Court rejects appeal to outlaw death penalty


WASHINGTON (AP) — The U.S. Supreme Court is rejecting a Pennsylvania inmate's appeal to consider banning the death penalty across the United States.

The justices did not comment Monday in turning away a challenge from death row inmate Shonda Walter.

Walter's appeal plays off Justice Stephen Breyer's call in an impassioned dissent in June to re-evaluate the death penalty in light of problems involving its imposition and use.

Breyer renewed his plea last week when he was the lone justice willing to give a last-minute reprieve to an Alabama death row inmate who was later put to death.

 

Dourt rejects county’s appeal over legal fees
 

WASHINGTON (AP) — The Supreme Court won't hear an appeal from lawyers representing Shelby County, Alabama, who tried to recover $2 million in attorney fees from the U.S. government in a case that nullified a key part of the Voting Rights Act.

The justices on Monday let stand a lower court ruling that said the county's civil rights lawsuit did not advance the law's anti-discriminatory purposes and didn't qualify for fee recovery.

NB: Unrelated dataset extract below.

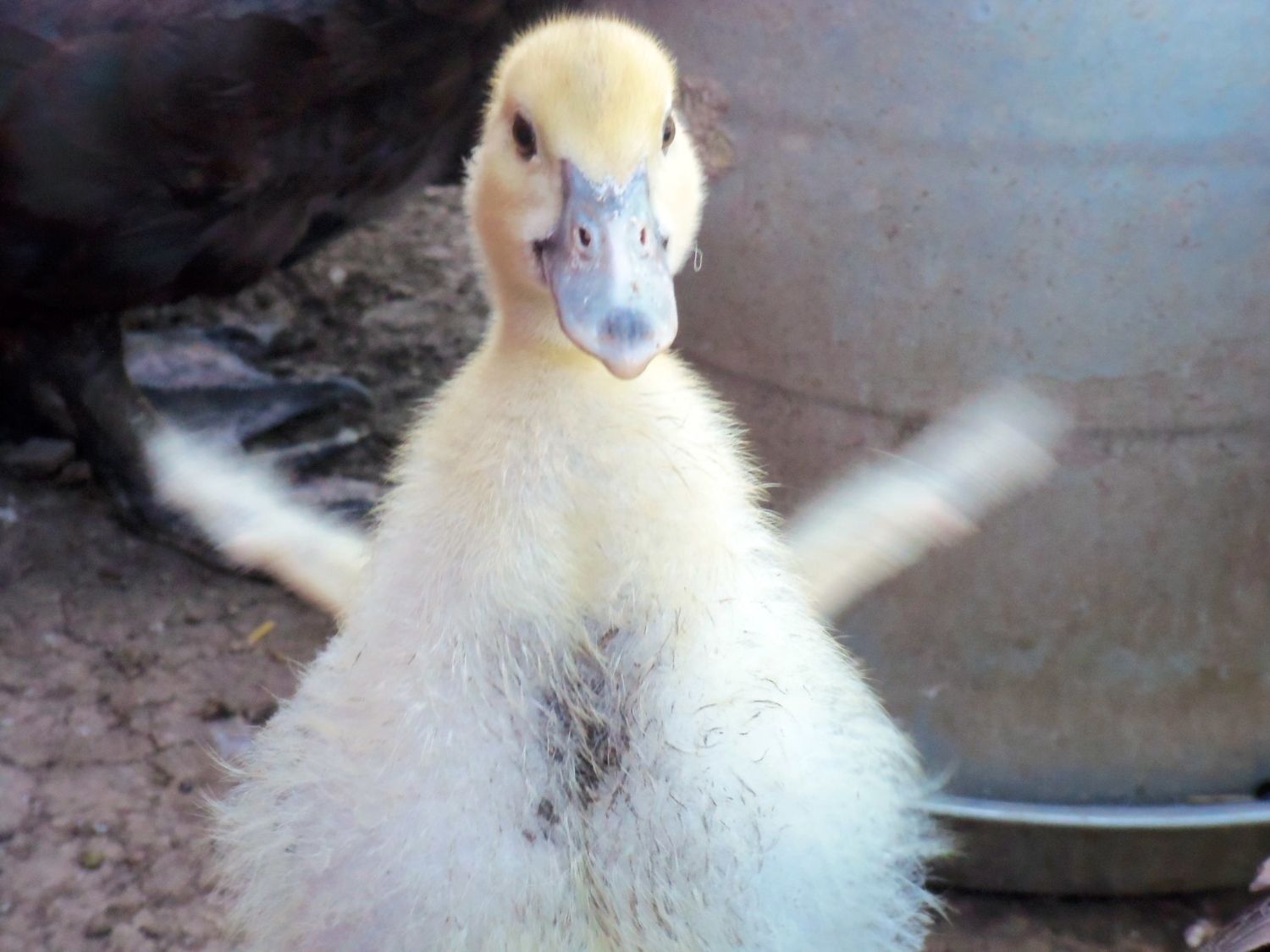 And here is the lone yellow duckling from this hatch, who just happened to stand up and flap his pathetic little wings as I turned the camera on him. It was too good not to share:

Shelby County had prevailed in 2013 when the Supreme Court voted 5-4 to eliminate the Justice Department's ability to stop potentially discriminatory voting laws before they take effect.

The county argued that winning the case allowed it to recover attorney fees. But a federal appeals court said Congress was not trying to encourage litigation "to neuter the act's central tool."

 

Convict in carjack slayings loses at Supreme Court
 

HOUSTON (AP) — The U.S. Supreme Court has refused to review an appeal from a 27-year-old Houston man on death row for the shooting deaths of a young couple during a carjacking nearly 10 years ago. The high court, without comment Monday, rejected the case of Dexter Darnell Johnson.

A Harris County jury condemned him for the June 2006 slayings of 23-year-old Maria Aparece, of Sugar Land, and her 17-year-old boyfriend Huy Ngo, of Houston. Aparece was from the Philippines and a pre-nursing student. Ngo had moved to Houston with his family from France.

When his sentence was announced in court, Johnson threw a chair and had to be tackled by sheriff's deputies. Testimony showed he was leader of a gang responsible for several slayings.
He does not yet have an execution date.

 

Man to die in June for slaying loses at court
 

HUNTSVILLE, Texas (AP) — The U.S. Supreme Court has refused to review the case of a man set to die later this year for the slaying of a 64-year-old Dallas-area woman 18 years ago.
The high court, without comment, rejected Monday the appeal of 46-year-old Charles Don Flores.

Flores is scheduled for lethal injection June 2 for the January 1998 shooting death of Elizabeth Black at her home in Farmers Branch. His trial attorneys argued another man was the shooter during a robbery attempt. Flores is one of at least nine Texas death row inmates with an execution date for this year.